#Q3
1913 3c Parcel Post, Railway Postal Clerk
US #Q3 – Railway Post Office clerks memorized thousands of mail routes and sorting schemes, often working without written guides to keep pace with moving trains.

On April 9, 1921, Postmaster General Will H. Hays took an extraordinary step: he ordered the arming of postal workers who handled the nation’s most valuable mail. The order came after a sharp rise in armed robberies, when trains, mail cars, and postal employees had become targets for thieves looking for cash, securities, and registered mail.

#Q5
1913 5c Parcel Post, Mail Train & Mail Bag on Rack
US #Q5 – Special mail “catcher arms” let trains grab outgoing mailbags from trackside cranes without stopping, keeping schedules tight and reducing delays.

Hays had entered office only a month earlier, after President Warren G. Harding appointed him postmaster general on March 5, 1921. He inherited a mail system that was huge, fast-moving, and vulnerable. Much of America’s important mail still moved by rail. In Railway Post Office cars, clerks sorted mail while the train was in motion, which sped delivery but also exposed postal workers to danger far from city police protection.

#Q1
1913 1c Parcel Post, Post Office Clerk
US #Q1 – Clerks worked in narrow, swaying railcars lined with pigeonholes, where sudden stops or attacks could send both mail and workers crashing across the car.

Order No. 5668, issued on April 9, 1921, directed that “all essential postal employees” be armed to help stop the robberies. According to USPS postal history, the Post Office Department issued 50,000 guns and 2 million rounds of ammunition to railway mail clerks and other employees who handled valuable mail. It was a nationwide security response carried out on a massive scale.

#1573
1975 10c U.S. Postal Services Bicentennial: Locomotives
US #1573 – Some clerks carried registry keys and seals used to secure valuable mail pouches, making them responsible for both sorting and safeguarding high-value shipments.

The danger was real enough to justify it. The US Postal Inspection Service later summed up the crisis this way: between 1920 and 1921, there were 36 armed robberies of the mail, with more than $6 million in goods and currency stolen. At the time, there were fewer than 500 postal inspectors available to protect a rail network that covered almost 250,000 miles of railway mail routes. In other words, the government had too much valuable mail moving across too much territory, and too few investigators to guard it.

#2265
1988 21c Transportation Series: 1920s Railroad Mail Car
US #2265 – Many Railway Post Office cars were built with reinforced doors and limited entry points, reflecting ongoing concerns about theft and security.
#5758-62
2023 First-Class Forever Stamps - Historic Railroad Stations
US #5758-62 – Railway mail routes operated on strict time schedules, with clerks expected to sort and dispatch mail before the train reached the next station.

Railway clerks were not random office workers.

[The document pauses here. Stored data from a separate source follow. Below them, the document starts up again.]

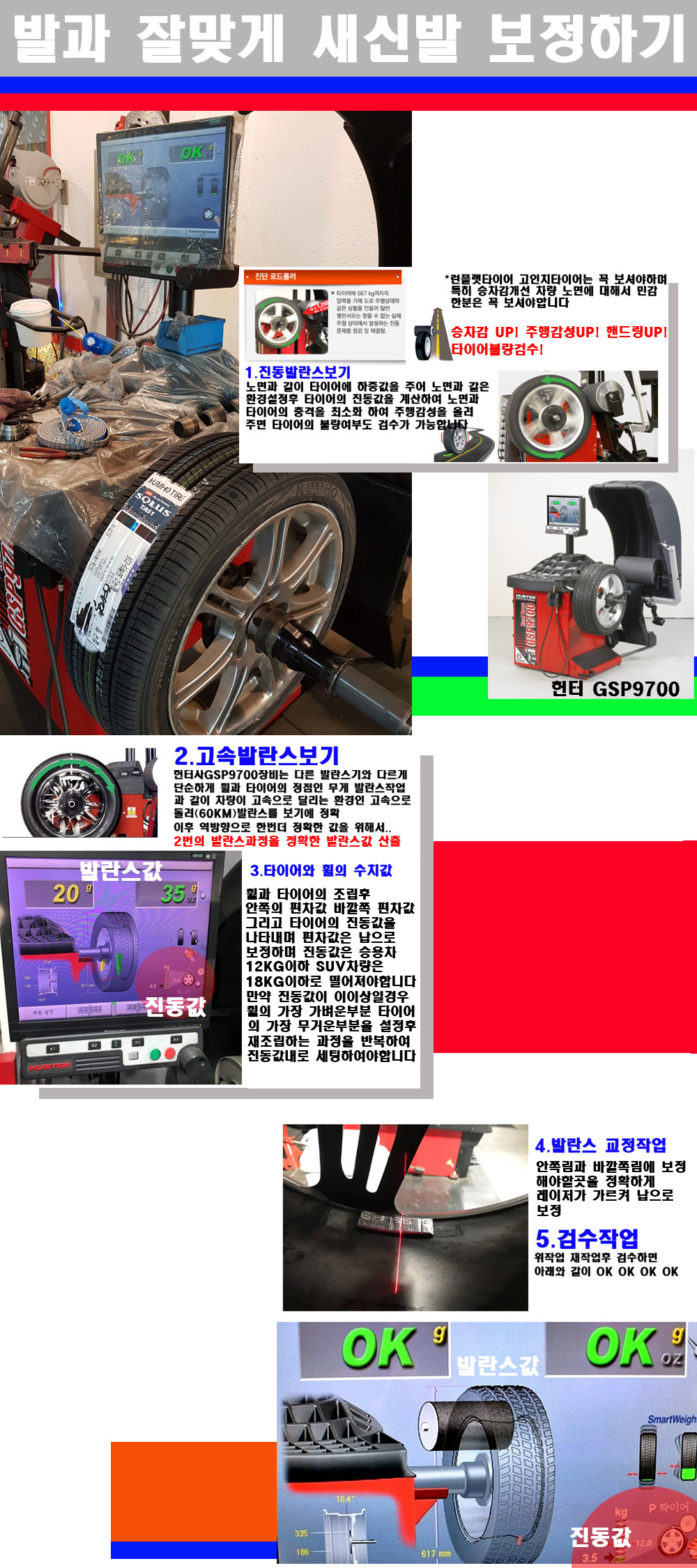 그리고 작업자에게는 불필요한 발란스납을 붙이지 않아 미관상으로 좋고 납을 절약하는 고객님에게도윈이고 작업자에게도 윈윈할수 있는 장비입니다 그리고 시중에서 고속진동발란스라고 말하시는 샵들이 많은데 꼭아셔야하는것은 고속발란스는 말그대로 발란스를 볼때 고속으로 돌리기에 60키로 전후 그리고 진동값을 계산하기위해서는 발란스기에 진동롤러가 있어야합니다 그래서 미국헌터사 GSP9700장비가 유일합니다 다른 샵에서 말하는 발란스기는 고속진동발란스기능없는 일반발란스 기기입니다 이점 꼭 아시고 장착하시기를 바랍니다
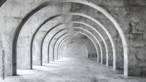 © peera, Fototapeta premium Futuristic interior with concrete arches in perspective
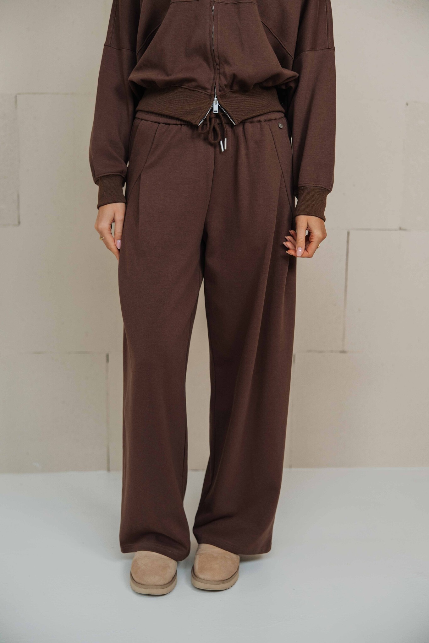 Deze broek is uitgevoerd in een trendy choco bruine kleur en heeft een comfortabel, relaxed model. Combineer met het bijpassende vest voor een stijlvolle jogging set.
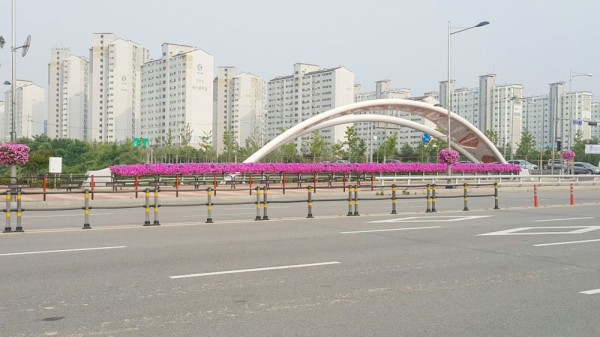 2015년 상반기 화성시종합운동장 난간걸이화분설치 > 전용차로난간걸이화분
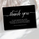 Minimalist and clean traditional thank you card for a memorial service featuring white text against a black background, tasteful script fonts, and the option of adding a photo of your loved one on the reverse side. This classic, simple and elegant design is black and white with script font details.
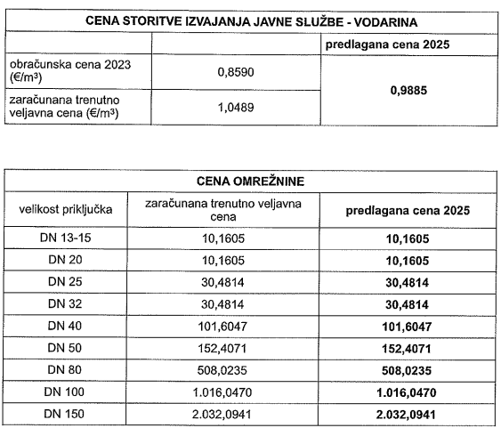 Na podlagi novega elaborata, ki so ga občine obravnavale na zadnjih rednih sejah, bo cena vodarine znašala 0,9885 evra na kubični meter vode, trenutno pa je veljavna cena 1,0489 evra na kubični meter.

They were highly trained specialists who sorted letters, papers, and registered mail inside tightly organized postal cars. Some had already been carrying firearms in railroad service. The Smithsonian’s National Postal Museum notes that Railway Post Office clerks were required to carry small .38-caliber pistols, and that in 1921 clerks were expected to have revolvers on hand. That helps explain why Hays’s order could be put into practice so quickly. It built on an existing security culture, but expanded it dramatically in response to a crime wave.

The mail was worth stealing because it often carried exactly the kinds of items robbers wanted most. Registered mail could contain cash, bonds, securities, jewelry, and other valuables. Railway mail cars also offered criminals a moving target with limited escape routes for the victims. Once a train was stopped or a clerk was threatened, thieves could seize selected pouches and disappear quickly. That made mail robbery one of the most profitable federal crimes of the period.

Even the arming order did not end the problem at once. Later in 1921, the federal government escalated again. Hays appealed for military help, and President Harding sent in US Marines to guard the mails at high-risk points around the country. The Postal Inspection Service says the original 1921 deployment included more than 50 officers and 2,000 enlisted Marines. Their presence had an immediate effect, and by the end of the year robberies of post offices, mail trains, and carriers had sharply subsided.

Hays’s orders turned postal defense into an armed operation. It showed how central the mail still was to American business and finance. Valuable mail moved in bulk, often by train, through isolated territory. When the mails were attacked, the government treated it not as a local nuisance, but as a national emergency involving weapons, guards, and later even Marines.